** Data shown **
◇ ◇ ◇ ◇ ◇

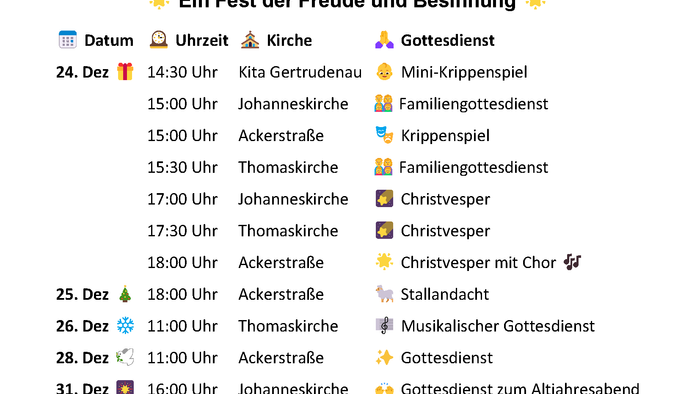 Gottesdienste Weihnachten
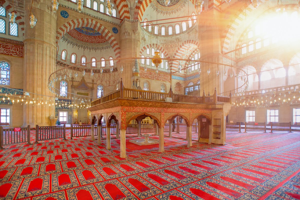 Edirne'nin ve Osmanlı İmparatorluğu'nun simgesi olan cami,kentin merkezinde, eskiden Sarıbayır ve Kavak Meydanı denilen yerdedir. Çok uzaklardan dört minaresi ile göze çarpan yapı, kurulduğu yerin seçimiyle, Mimar Sinan'ın aynı zamanda usta bir şehircilik uzmanı olduğunu da göstermektedir. Kesme taştan yapılan cami iç bölümüyle 1.620 m2'lik,tümüyle 2.475 m2'lik bir alanı kaplar. Mimarlık tarihinde en geniş mekana kurulmuş yapı olarak nitelenen Selimiye Camisi, yerden yüksekliği 43.28 m. olan, 31.30m. çapındaki kubbesiyle ilgi çeker. Ayasofya'nınkinden daha büyük olan Kubbe, 6 m. genişliğindeki kemerlerle birbirine bağlanan 8 büyük payeye oturur. Köşelerde dört, Mihrap yerinde bir yarım kubbe merkezi kubbeyi destekler.
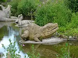Typical 19th-century depiction of a primitive stegocephalian, based on modern anurans and fossils now recognised as belonging to mastodonsaurids and Bromsgroveia
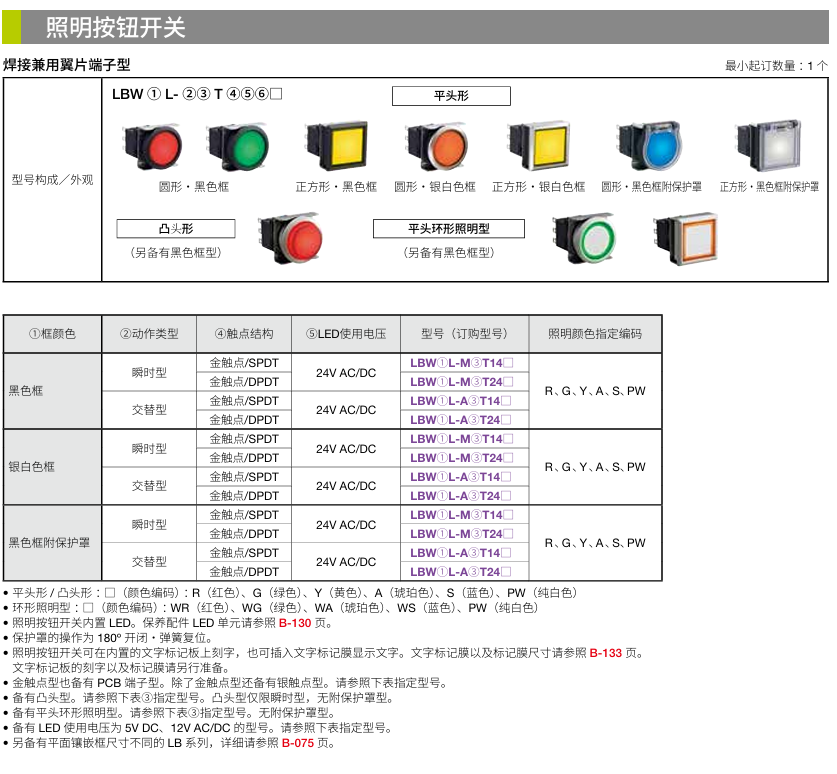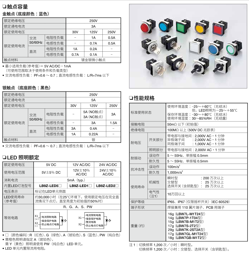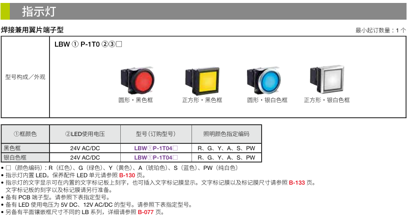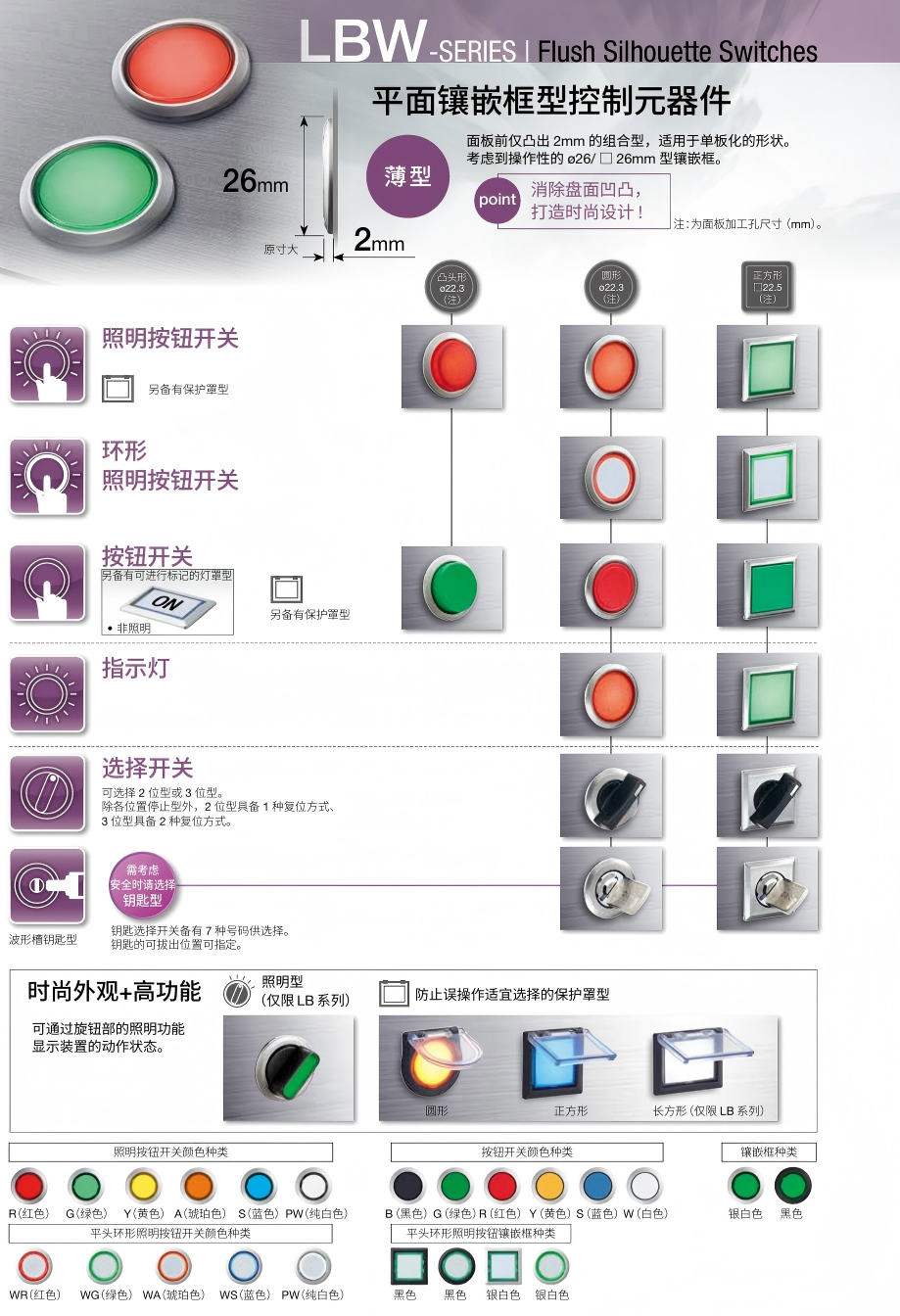 有关详细信息,请参阅产品样本及其他相关文件:LB/LBW系列 平面镶嵌框型控制元器件 LB系列 ø16 控制元器件

◇ ◇ ◇ ◇ ◇

** Exercise aim **
Without including any picture, reproduce the material above word for word.

** Response to the exercise **
 Gottesdienste Weihnachten
 Edirne'nin ve Osmanlı İmparatorluğu'nun simgesi olan cami,kentin merkezinde, eskiden Sarıbayır ve Kavak Meydanı denilen yerdedir. Çok uzaklardan dört minaresi ile göze çarpan yapı, kurulduğu yerin seçimiyle, Mimar Sinan'ın aynı zamanda usta bir şehircilik uzmanı olduğunu da göstermektedir. Kesme taştan yapılan cami iç bölümüyle 1.620 m2'lik,tümüyle 2.475 m2'lik bir alanı kaplar. Mimarlık tarihinde en geniş mekana kurulmuş yapı olarak nitelenen Selimiye Camisi, yerden yüksekliği 43.28 m. olan, 31.30m. çapındaki kubbesiyle ilgi çeker. Ayasofya'nınkinden daha büyük olan Kubbe, 6 m. genişliğindeki kemerlerle birbirine bağlanan 8 büyük payeye oturur. Köşelerde dört, Mihrap yerinde bir yarım kubbe merkezi kubbeyi destekler.
Typical 19th-century depiction of a primitive stegocephalian, based on modern anurans and fossils now recognised as belonging to mastodonsaurids and Bromsgroveia
 有关详细信息,请参阅产品样本及其他相关文件:LB/LBW系列 平面镶嵌框型控制元器件 LB系列 ø16 控制元器件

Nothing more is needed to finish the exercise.